Talking About Last Night
The safe havens for Coruscant's underworld, fittingly enough, is located well underneath the city itself, where the geothermal taps sullenly dip far into the planetary core and the Coruscant Security Force is far too unfamiliar with the dilapidated layers of the depths to actually mount more than the occasional sweep in force. It's in one of those safe houses, where you slept the night away along with the six-person strike team that took out a Nemoidian and his droids just to find a shipment of droid parts that should not have been on Coruscant
. The raid itself is seared into your memory at least for now, from the tense, hurried infiltration of a decaying factory complex using outdated plans to the achingly long wait until the order was given to snipe out the overseer and his droids followed by a mad dash for the underlayers of Coruscant with a heavily overloaded speeder full of highly illegal combat droid parts.

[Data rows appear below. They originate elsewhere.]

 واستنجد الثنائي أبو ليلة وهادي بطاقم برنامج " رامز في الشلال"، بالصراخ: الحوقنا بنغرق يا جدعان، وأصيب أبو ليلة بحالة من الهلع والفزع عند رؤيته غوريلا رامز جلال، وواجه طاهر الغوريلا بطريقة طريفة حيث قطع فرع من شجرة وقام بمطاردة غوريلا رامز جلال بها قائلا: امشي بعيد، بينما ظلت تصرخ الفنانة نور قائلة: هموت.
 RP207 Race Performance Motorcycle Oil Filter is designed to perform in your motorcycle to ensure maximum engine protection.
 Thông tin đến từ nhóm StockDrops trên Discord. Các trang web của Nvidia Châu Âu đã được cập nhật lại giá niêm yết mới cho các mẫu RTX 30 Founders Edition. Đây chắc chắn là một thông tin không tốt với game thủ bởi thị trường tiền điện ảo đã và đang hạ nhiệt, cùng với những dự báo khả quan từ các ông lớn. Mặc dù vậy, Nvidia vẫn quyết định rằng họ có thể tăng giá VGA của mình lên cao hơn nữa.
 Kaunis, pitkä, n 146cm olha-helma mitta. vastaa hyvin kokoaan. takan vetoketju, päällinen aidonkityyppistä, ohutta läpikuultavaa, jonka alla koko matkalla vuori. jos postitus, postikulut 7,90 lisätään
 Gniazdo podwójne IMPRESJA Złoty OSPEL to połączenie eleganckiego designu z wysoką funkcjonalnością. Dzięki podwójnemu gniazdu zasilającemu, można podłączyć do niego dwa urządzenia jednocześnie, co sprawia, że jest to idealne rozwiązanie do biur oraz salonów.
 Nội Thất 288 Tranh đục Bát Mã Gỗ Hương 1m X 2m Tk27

Even Redvers Buller was nervous that evening, and it showed. The rest of the team was jittery as well, and seeing the unflappable monster that was Redvers Buller nervous was enough to shake all of you a bit. The trip itself was uneventful, but you can still remember the tension in the speeder, every single thug there with blasters ready just in case. Buller himself was icily controlled, driving well under the speed limit and as safely as possible to avoid some random Judicial asking to take a look in the back. And when the speeder and its cargo – not to mention your team – got to a safe house well underneath Coruscant and far, far beyond the casual reach of the CSF, the entire strike team mechanically ate their rations and collapsed asleep. Even you.
You blame that exhaustion collapse for the headache when you wake up, the throbbing ache just behind your forehead an irritating accompaniment to your commlink's alarm tone. The first thing you see as your eyes crack open is the gray metal surface of the bunk above you, and the second thing is the spare barracks-room where the six of you are housed. Three pairs of bunks, one to a wall, with one door out of the place and a single place to freshen up. You smile a little as you head for the bathroom, thankful that you're up early.

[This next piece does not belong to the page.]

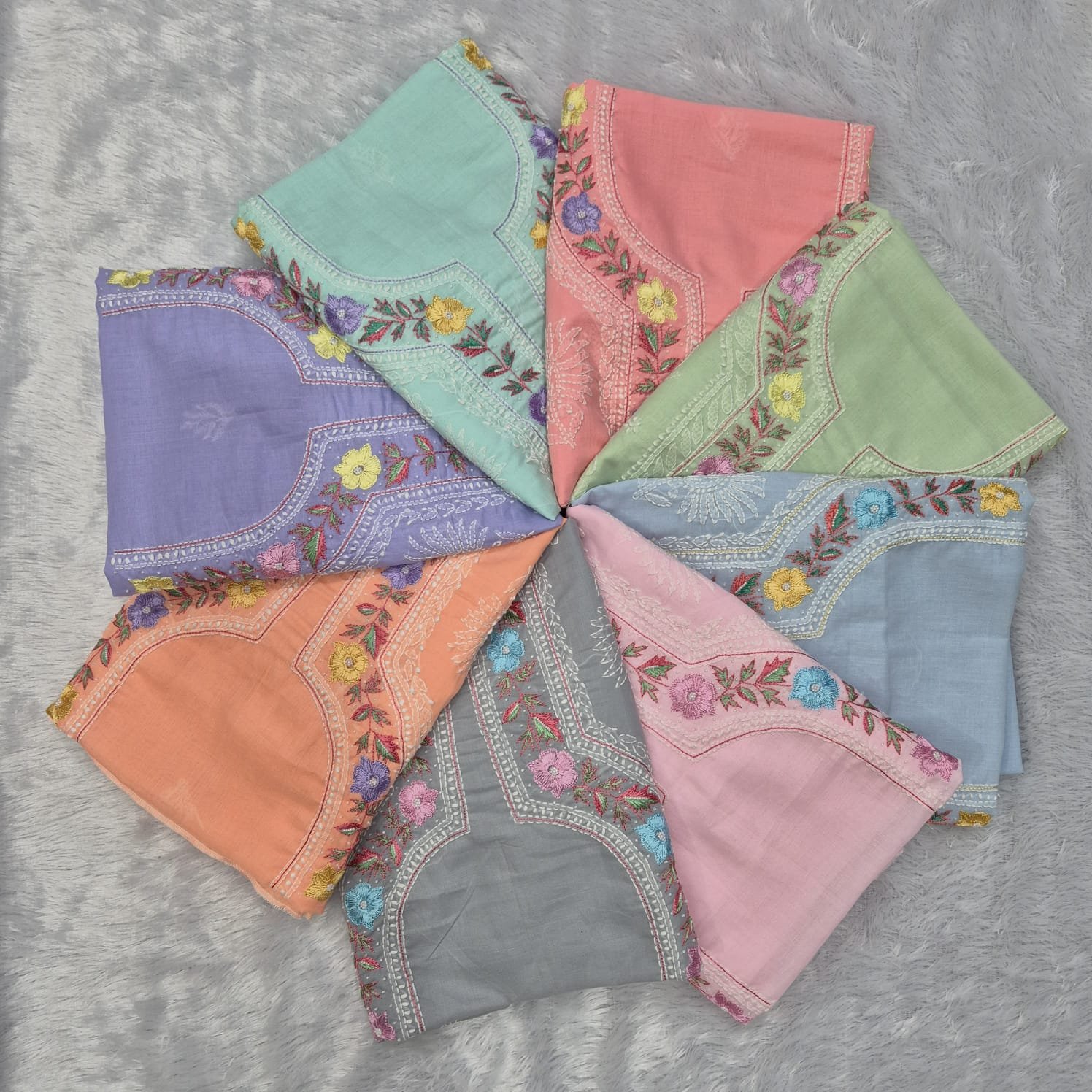 LCF LUCKNOW CHIKAN VOIL COTTON KURTI PIECE (FIROZI)

Unfortunately, there's already someone in there. Checking your commlink tells you that there's a message from your cousin, and it's terse and to the point.

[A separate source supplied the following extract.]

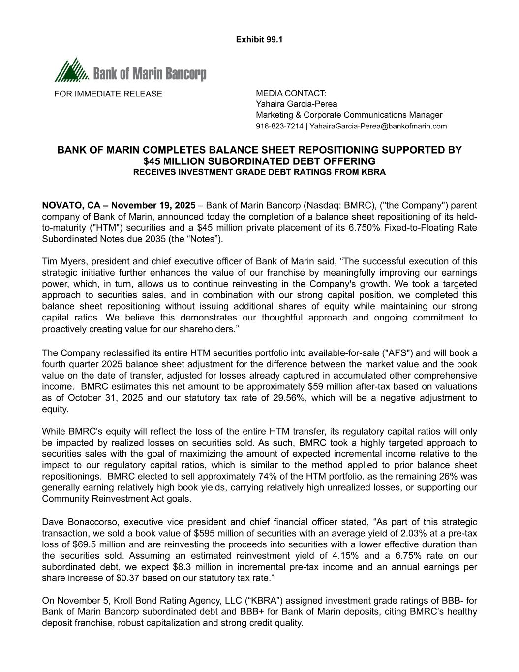 Exhibit 99.1 FOR IMMEDIATE RELEASE MEDIA CONTACT: Yahaira Garcia-Perea Marketing & Corporate Communications Manager 916-823-7214 | YahairaGarcia-Perea@bankofmarin.com BANK OF MARIN COMPLETES BALANCE SHEET REPOSITIONING SUPPORTED BY $45 MILLION SUBORDINATED DEBT OFFERING RECEIVES INVESTMENT GRADE DEBT RATINGS FROM KBRA NOVATO, CA – November 19, 2025 – Bank of Marin Bancorp (Nasdaq: BMRC), ("the Company") parent company of Bank of Marin, announced today the completion of a balance sheet repositioning of its held- to-maturity ("HTM") securities and a $45 million private placement of its 6.750% Fixed-to-Floating Rate Subordinated Notes due 2035 (the “Notes”). Tim Myers, president and chief executive officer of Bank of Marin said, “The successful execution of this strategic initiative further enhances the value of our franchise by meaningfully improving our earnings power, which, in turn, allows us to continue reinvesting in the Company's growth. We took a targeted approach to securities sales, and in combination with our strong capital position, we completed this balance sheet repositioning without issuing additional shares of equity while maintaining our strong capital ratios. We believe this demonstrates our thoughtful approach and ongoing commitment to proactively creating value for our shareholders.” The Company reclassified its entire HTM securities portfolio into available-for-sale ("AFS") and will book a fourth quarter 2025 balance sheet adjustment for the difference between the market value and the book value on the date of transfer, adjusted for losses already captured in accumulated other comprehensive income. BMRC estimates this net amount to be approximately $59 million after-tax based on valuations as of October 31, 2025 and our statutory tax rate of 29.56%, which will be a negative adjustment to equity. While BMRC's equity will reflect the loss of the entire HTM transfer, its regulatory capital ratios will only be impacted by realized losses on securities sold. As such, BMRC took a highly targeted approach to securities sales with the goal of maximizing the amount of expected incremental income relative to the impact to our regulatory capital ratios, which is similar to the method applied to prior balance sheet repositionings. BMRC elected to sell approximately 74% of the HTM portfolio, as the remaining 26% was generally earning relatively high book yields, carrying relatively high unrealized losses, or supporting our Community Reinvestment Act goals. Dave Bonaccorso, executive vice president and chief financial officer stated, “As part of this strategic transaction, we sold a book value of $595 million of securities with an average yield of 2.03% at a pre-tax loss of $69.5 million and are reinvesting the proceeds into securities with a lower effective duration than the securities sold. Assuming an estimated reinvestment yield of 4.15% and a 6.75% rate on our subordinated debt, we expect $8.3 million in incremental pre-tax income and an annual earnings per share increase of $0.37 based on our statutory tax rate.” On November 5, Kroll Bond Rating Agency, LLC (“KBRA”) assigned investment grade ratings of BBB- for Bank of Marin Bancorp subordinated debt and BBB+ for Bank of Marin deposits, citing BMRC’s healthy deposit franchise, robust capitalization and strong credit quality.

MEETING IN HALF AN HOUR. COMMAND POST, YOUR SECTOR. The timestamp reads as being sent ten minutes ago.
Goddammit, cousin.
The barracks washroom is fairly spare as it is, and a quick shower to get rid of the crud along with the time taken to armor up is more than you'd like to spend. You tear out of the barracks even as the Weequay who took the bunk above yours – Chers Im is his name – slowly rouses himself and lets out a yelp on seeing the message that your cousin sent. Even as he scoots for the washroom before someone else can claim it, you're out into Coruscant.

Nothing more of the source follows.